One-on-one poker is a weird game, and not a simple one, but the zero-sum nature of it (whatever you lose, the other player gets) makes it susceptible to certain strategies in which computer able to calculate out far enough can put itself at an advantage. But add four more players into the mix and things get real complex, real fast.
With six players, the possibilities for hands, bets, and possible outcomes are so numerous that it is effectively impossible to account for all of them, especially in a minute or less. It’d be like trying to exhaustively document every grain of sand on a beach between waves.
Yet over 10,000 hands played with champions, Pluribus managed to win money at a steady rate, exposing no weaknesses or habits that its opponents could take advantage of. What’s the secret? Consistent randomness.

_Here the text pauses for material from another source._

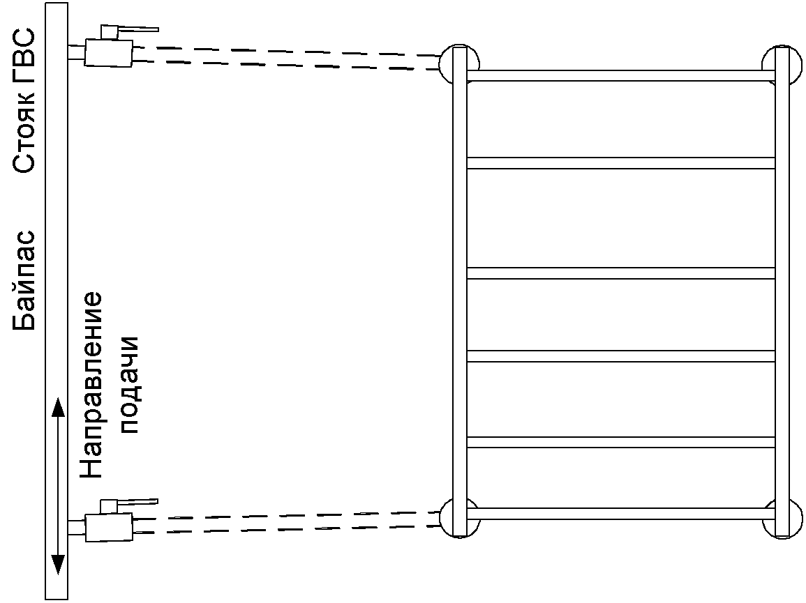 Данная схема обеспечивает подачу теплоносителя в верхнюю часть и выпуск остывшего теплоносителя обратно в стояк снизу. Циркуляция через полотенцесушитель обеспечивается только гравитационным напором остывающей в нём воды.

Even computers have regrets
Pluribus was trained, like many game-playing AI agents these days, not by studying how humans play but by playing against itself. At the beginning this is probably like watching kids, or for that matter me, play poker — constant mistakes, but at least the AI and the kids learn from them.
The training program used something called Monte Carlo counterfactual regret minimization. Sounds like when you have whiskey for breakfast after losing your shirt at the casino, and in a way it is — machine learning style.
Regret minimization just means that when the system would finish a hand (against itself, remember), it would then play that hand out again in different ways, exploring what might have happened had it checked here instead of raised, folded instead of called, and so on. (Since it didn’t really happen, it’s counterfactual.)
A Monte Carlo tree is a way of organizing and evaluating lots of possibilities, akin to climbing a tree of them branch by branch and noting the quality of each leaf you find, then picking the best one once you think you’ve climbed enough.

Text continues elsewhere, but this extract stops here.